Григорий Ряжский - Дети Ванюхина
Раньше мать ходила в баню, по субботам, вместе с пушкинской своей товаркой, бабой Пашей Бучкиной. Теперь же такое неблизкое путешествие, учитывая нестабильное состояние ее, могло обернуться любой неожиданностью, да и сама Полина Ивановна понимала, что теперь это роскошь. Плакала она в последние дни меньше: выплакала, наверное, из себя все до остатка. Но настроения тоже не прибавлялось. Очень переживала за Нину, хотя поверить не могла, что с ней будет худо, верила в Ниночкино природное равновесие и душевный покой. За Милочку она теперь переживала меньше, страсти пагубной ее не улавливала вроде, но некоторое волнение оставалось все же, как будто кто-то подсказывал ей изнутри, что не все с дочкой ладно. А что – не все, хорошо понять не получалось, старость мешала докопаться и мысли о всяком другом.
Приехать пришлось без звонка – так и так, ей надо было в тот район, в Малый Власьевский: комплект ключей еще оставался – не успела тогда в сарае Шурику в морду его швырнуть наглую, раньше долбануть по башке получилось в отместку за ублюдка по Михеичевой линии. Или за выродка.
Охрана позвонила снизу, когда братья приканчивали очередной запас из холодильника.
– Понимаешь, Макс, – говорил дожевывая Айван, – ситуация, с которой мы столкнулись, – типичнейшее проявление бифуркации, если рассматривать траекторию событий в последовательности совершения и наложить на их временную характеристику. Это я уже о проявлении фамильных и родственных противоречий, и, скорее всего, избежать этого было бы довольно трудно. Думаю, старик Гёдель со мною согласился бы.

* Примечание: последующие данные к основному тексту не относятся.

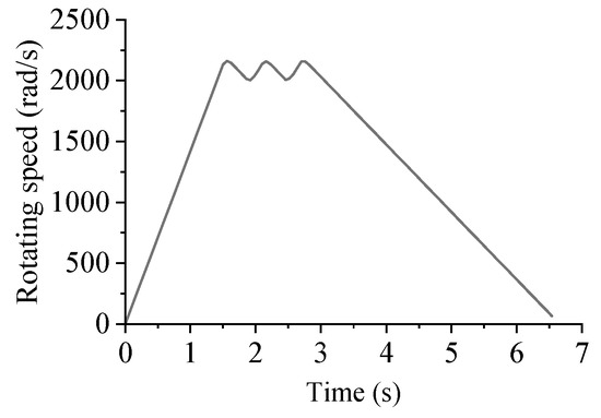 In the overrunning state of the slanted support clutch, friction occurs between the outer ring and wedge before it is fully disengaged. The wedge accelerates to rotate in the same direction under the force of the outer ring. With an increase in the speed, the centrifugal force of the wedge increases, and the wedge further compresses the outer ring. As the wedge gradually rises, the friction force with the inner ring gradually decreases and, finally, completely disengages from the inner ring. Therefore, by simulating and reading the moment when the contact force between the clutch wedge and inner ring is zero, it can be determined that the clutch wedge and inner ring have already disengaged. At this point, the instantaneous speed of the clutch exceeds the critical disengagement speed. Using the dynamic model in Section 3.1, with the outer ring of the clutch as the active component, the loading curve of the model is displayed in Figure 13.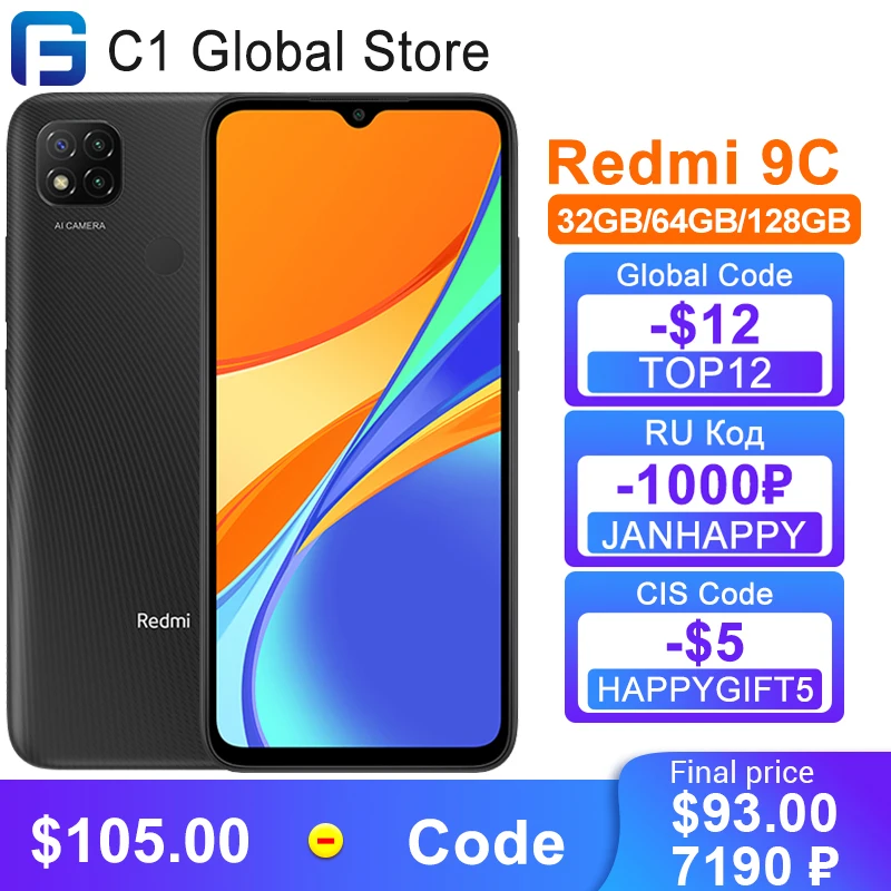 Смартфон Xiaomi Redmi 9C, 32 ГБ64 Гб128 ГБ, Восьмиядерный процессор MTK Helio G35, камера 13 МП, экран 6,53 дюйма, DotDrop, 5000 мАч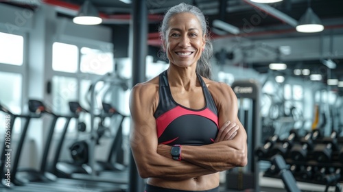 Fototapeta premium A woman with gray hair wearing a black and red sports top smiling and posing confidently in a gym with exercise equipment in the background.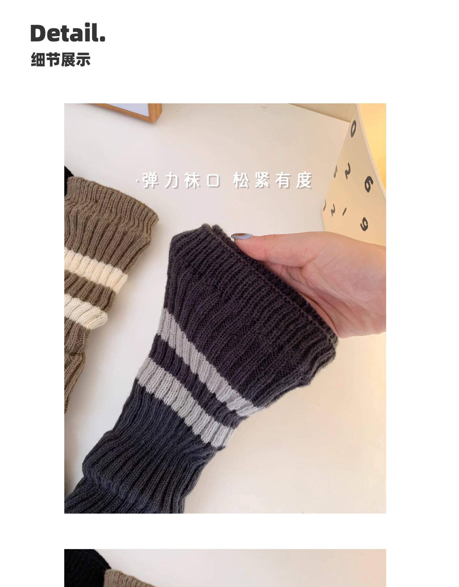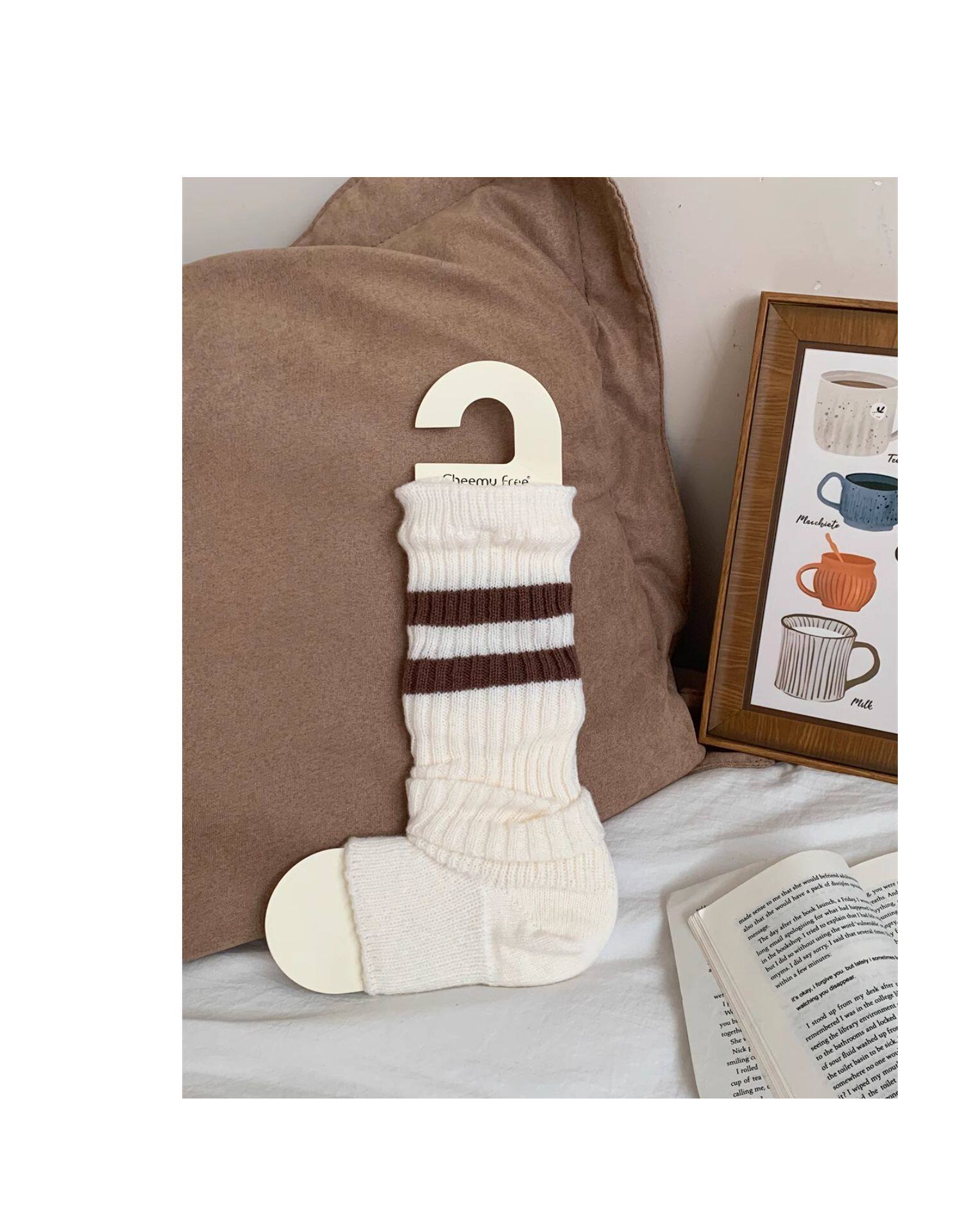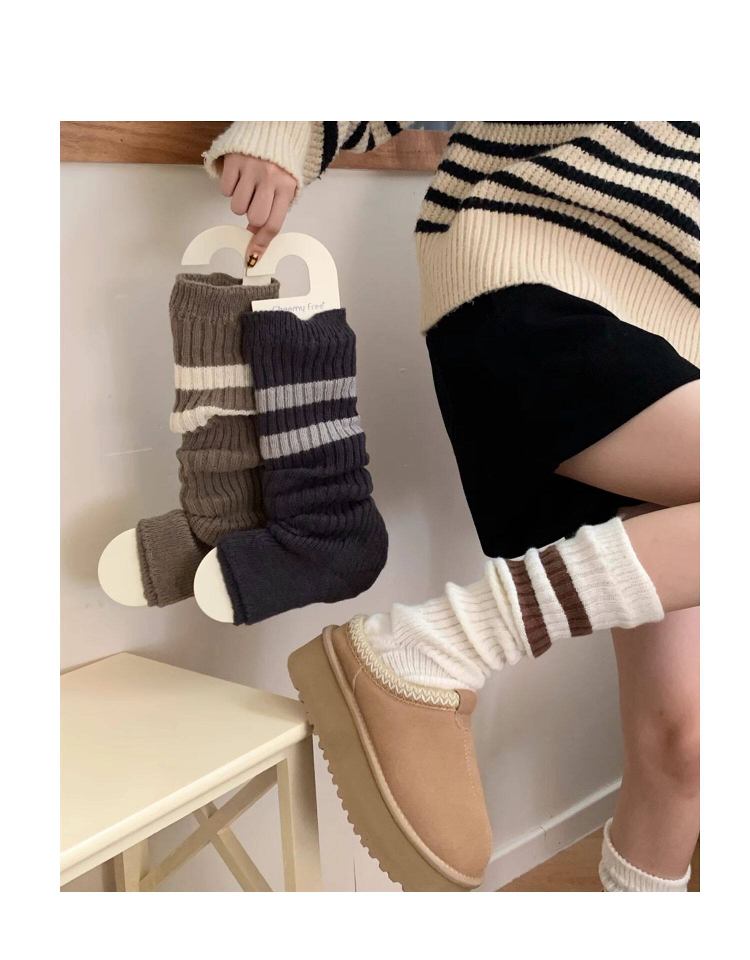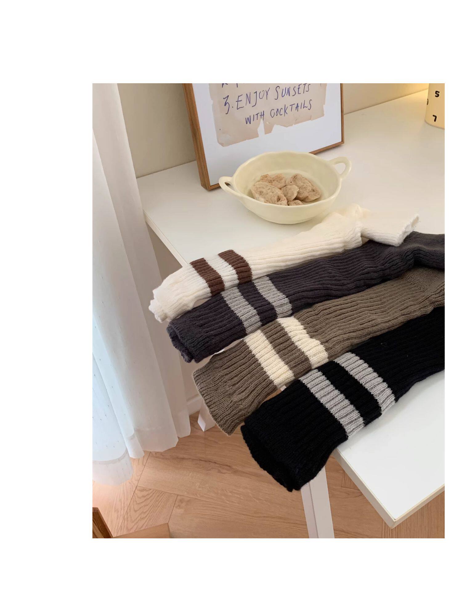 細細條 踩腳款針織襪套日系百搭條紋堆堆襪秋冬雪地靴長筒小腿襪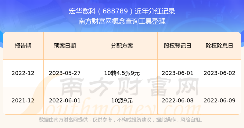 宏華數(shù)科最新一次公布的分紅方案為10轉(zhuǎn)4.5派9元。本次權(quán)益分派股權(quán)登記日為2023年6月1日,除權(quán)除息日為2023年6月2日,派息日為2023年6月2日。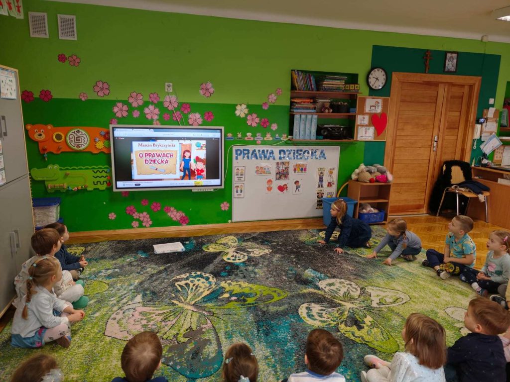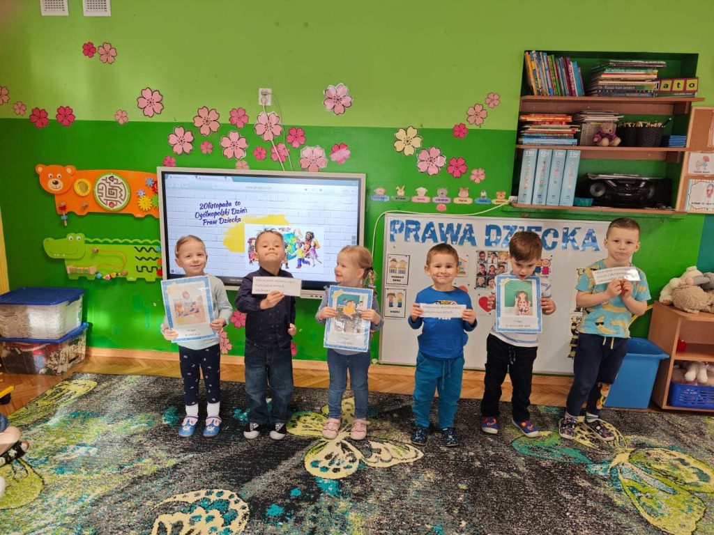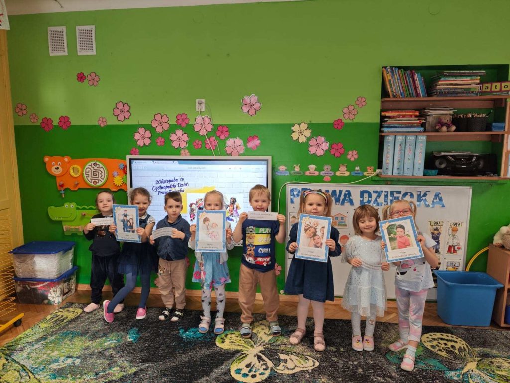 W środę 20 listopada w ramach akcji organizowanej przez UNICEF obchodziliśmy Międzynarodowy Dzień Praw Dziecka. Dzieci w tym dniu przyszły ubrane na niebiesko, jako symbol solidarności ze wszystkimi dziećmi na świecie. Celem przeprowadzonych zajęć było kształtowanie u dzieci świadomości ich własnych praw, uczenie poszanowania praw innych i radzenia sobie w sytuacjach naruszania własnych praw.

Как на это реагировать, Макс не знал даже приблизительно. Одно понимал точно: сумасшедшим брат его не был. В любом случае звонок снизу позволил ему по возможности сохранить лицо, потому что отвечать ничего не пришлось.
Это была Милочка. Она влетела в квартиру и повисла на племяннике, обцеловывая ему щеки.
– Мил, ты чего? – отодвинул ее Макс. – Чего, говорю, не позвонила?
Этот вопрос был уже лишним, потому что за это время они успели перейти в кухню, где Милочка с отомкнутым на полуслове ртом и осталась. Справа от нее, перепачканный ее помадой, находился родственник, Максюлик, а напротив, за огромным кухонным столом, сидел ее же Максик, но без помады и в очках.
– Колу хотите? – спросил другой Максик с легким, как ей почудилось, иностранным акцентом. Она растерянно мотнула головой в усредненном между «да» и «нет» направлении и посмотрела на помадного Макса.
– Ты садись, Мил, – пригласил ее Макс и подвинул стул поближе.
Милочка сомнамбулически опустилась, закрыла рот и внезапно стала очень хорошенькой. Для другого Макса, во всяком случае, – именно такой.
– Не знаю, с чего начать, – с сомнением в голосе произнес Макс, тот, который был все еще в помаде и без очков.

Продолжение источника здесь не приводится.